TASK GOAL. Within the records that follow, restate exactly the lines from the line with "Funny Cute Monster" down to the line with "This listing is", including both. Omit the pictures.
------ INPUT RECORDS ------
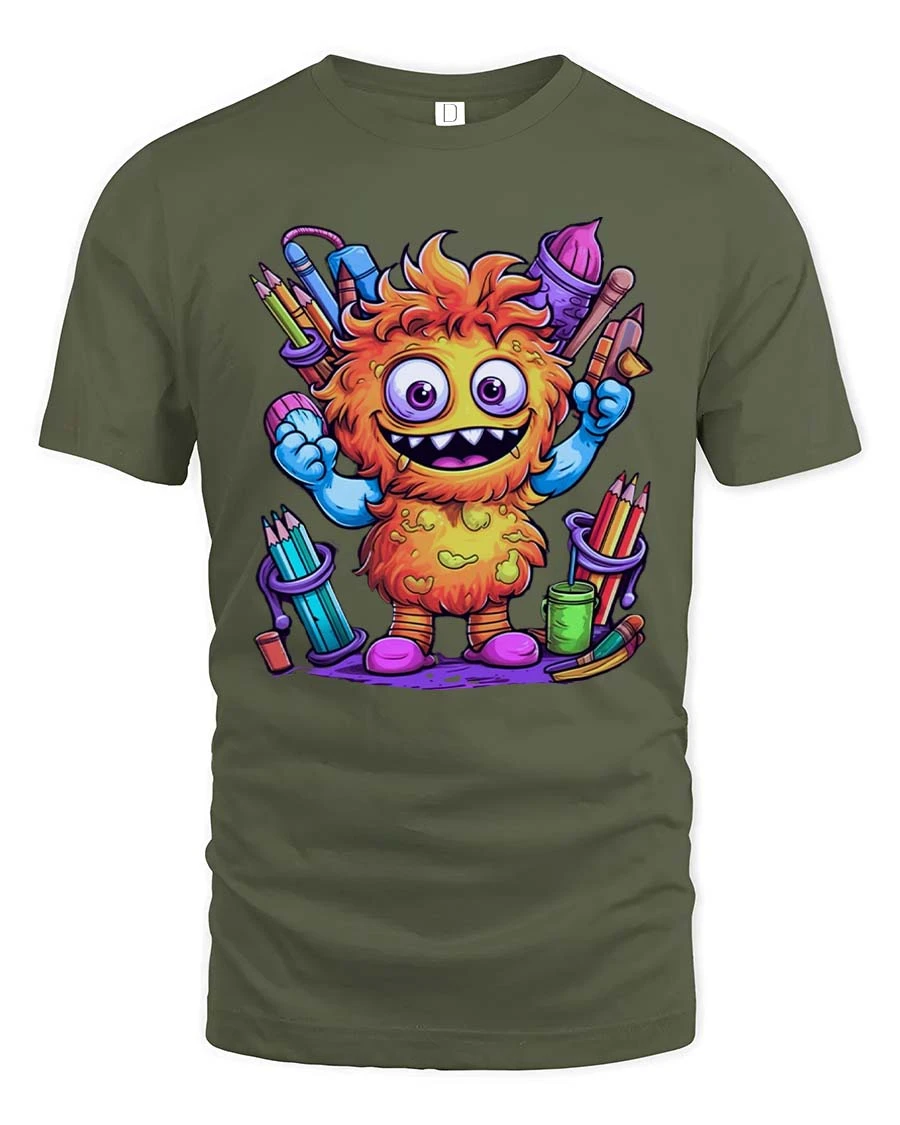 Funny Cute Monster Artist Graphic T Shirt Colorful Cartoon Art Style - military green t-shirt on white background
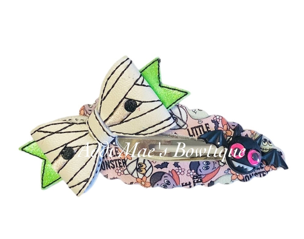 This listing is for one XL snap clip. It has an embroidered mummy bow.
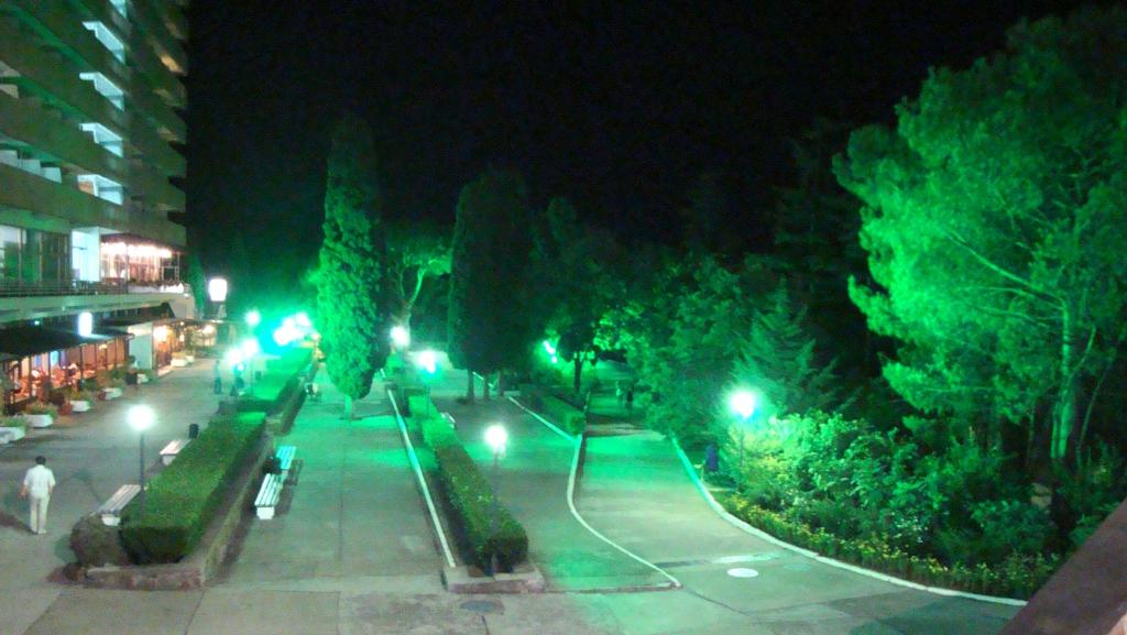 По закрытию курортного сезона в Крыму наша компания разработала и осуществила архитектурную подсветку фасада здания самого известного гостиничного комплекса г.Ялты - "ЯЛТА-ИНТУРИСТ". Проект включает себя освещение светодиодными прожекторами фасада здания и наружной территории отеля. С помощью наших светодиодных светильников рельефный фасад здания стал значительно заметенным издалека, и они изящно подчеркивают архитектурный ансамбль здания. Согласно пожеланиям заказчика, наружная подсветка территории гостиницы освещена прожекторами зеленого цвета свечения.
------
------ INPUT RECORDS ------
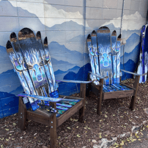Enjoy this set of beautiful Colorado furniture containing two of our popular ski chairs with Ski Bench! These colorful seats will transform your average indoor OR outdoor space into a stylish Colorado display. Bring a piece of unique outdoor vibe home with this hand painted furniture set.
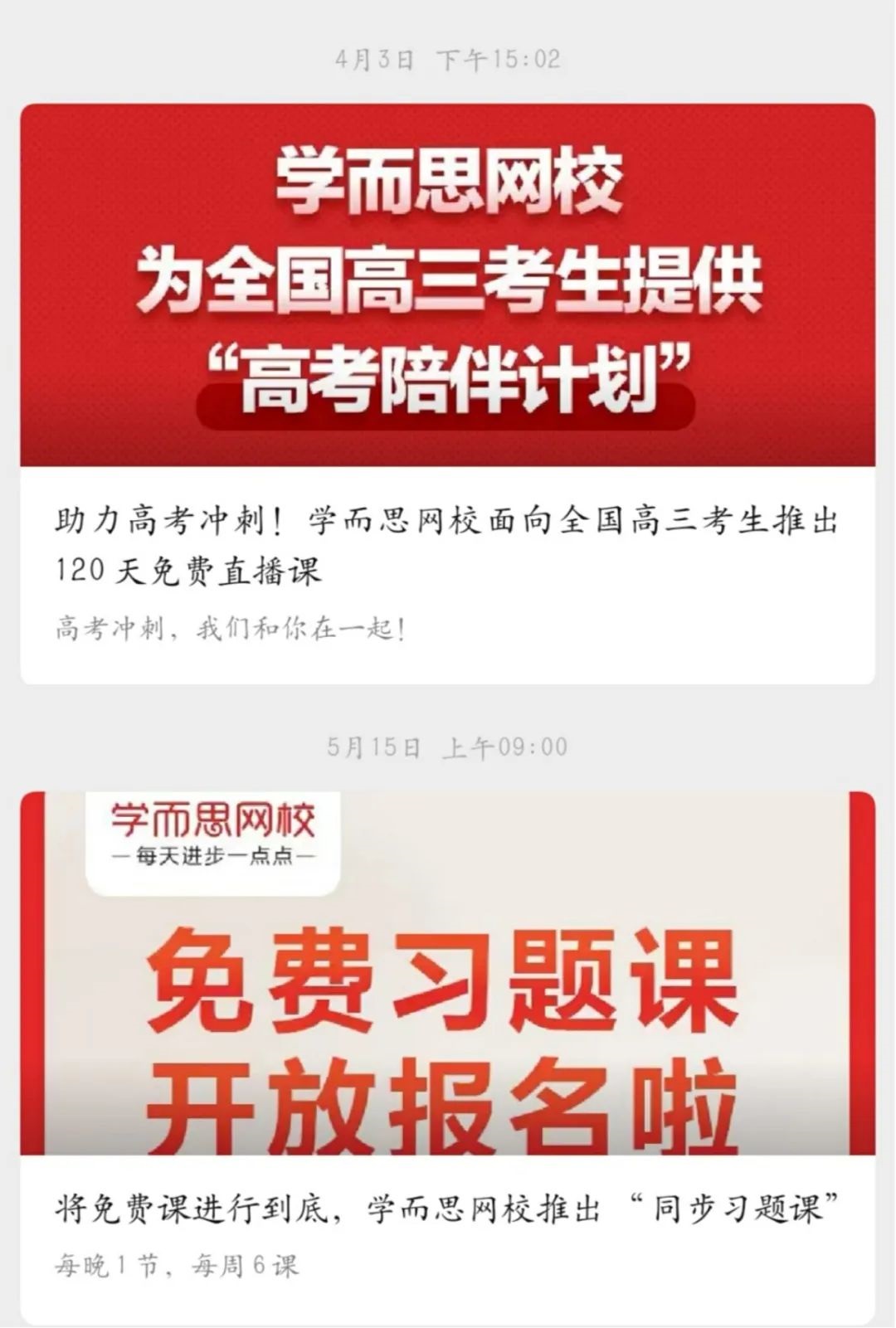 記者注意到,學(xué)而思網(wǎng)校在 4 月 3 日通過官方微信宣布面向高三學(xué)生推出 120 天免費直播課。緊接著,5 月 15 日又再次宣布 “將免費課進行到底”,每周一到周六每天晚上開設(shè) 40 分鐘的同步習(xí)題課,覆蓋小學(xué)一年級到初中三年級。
------
ANSWER AREA.
 Funny Cute Monster Artist Graphic T Shirt Colorful Cartoon Art Style - military green t-shirt on white background
 This listing is for one XL snap clip. It has an embroidered mummy bow.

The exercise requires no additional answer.